I once volunteered for a local organization whose mission was to motivate students from low-income groups to finish high school and pursue college degree. The leader of my team was John who had been working in the corporate sector for about a decade. John volunteered for the organization because he was passionate about helping children from disadvantaged backgrounds getting ahead in life. Since John had extensive work and volunteer experience, I and my teammates expected John to be making all the decisions. John surprised us in the very first meeting by telling us that we all had complete freedom as to how we could attempt to persuade our assigned clients to stay in school and then go to college. John didn’t only act as a leader but was also responsible for mentoring a client, just like every team member.
We would meet clients twice a week and then discuss our experiences and progress during a weekend meeting led by John. John would ask everyone to describe his/her tools that were employed, the outcome, and any observations they made about the client. After everyone has given a progress report, John would ask each team member as to what he/she might have learnt from the experiences of the co-workers and how he/she may utilize the lessons to fine tune his/her own future approach to clients. John didn’t only encourage team members to learn from each other but also participated in every process himself.

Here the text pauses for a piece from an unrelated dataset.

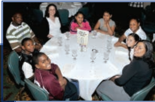
Boys & Girls Club of GHP

underdog. His greatest legacy will no doubt be the many young people he encouraged and underwrote to attend college."
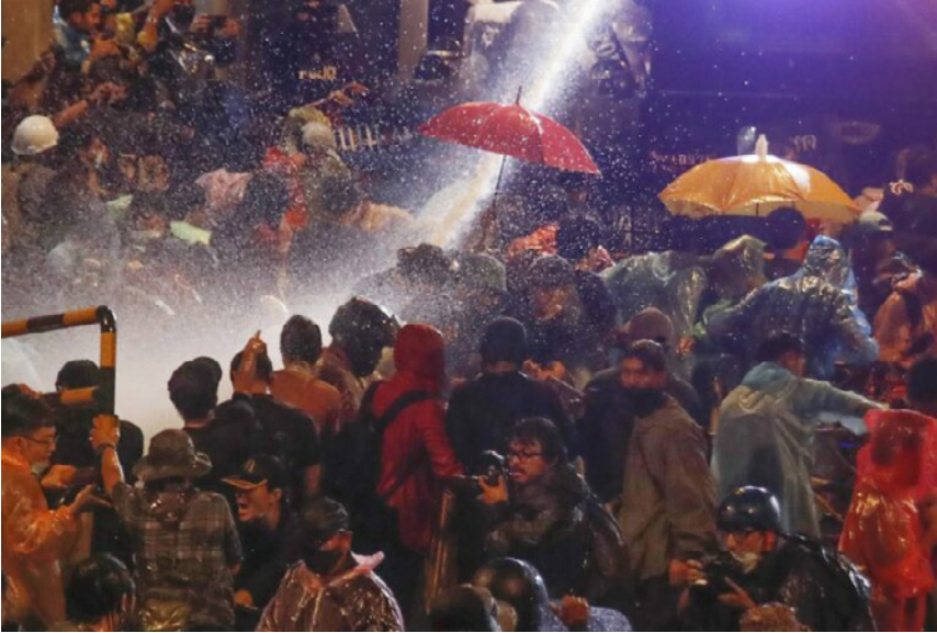
Pro-democracy demonstrators protest in Bangkok to dissolve the Prayut regime, a new constitution, and an end to political repression; faced water cannons as police try to disperse them.

misused its power by clamping down on freedom of expression and assembly. Ongoing protests that began in February 2020 are being violently dispersed by the police, resulting in a running total of more than 70 injured (Masayuki, 2020), 170 arrested (Reuters, 2020), (Khaosod English, 2020), (Associated Press, 2020), and 230 charged (Thai PBS World, 2021).

I once asked John during one of the meetings that he has extensive experience so why does he change his mentoring approach after each meeting and John replied that learning is a never-ending process and no amount of experience can free the leader from the need to learn from his peers and subordinates. John explained that by learning from others, the leader doesn’t only expand his/her perspective but also avoids costly mistakes he/she may not have made already. John also claimed that leaders also have human limitations and there is only so much they can monitor or control. Effective leaders consider their subordinates as their eyes and ears who help them better understand both the internal workings of the organizations as well as the external environment.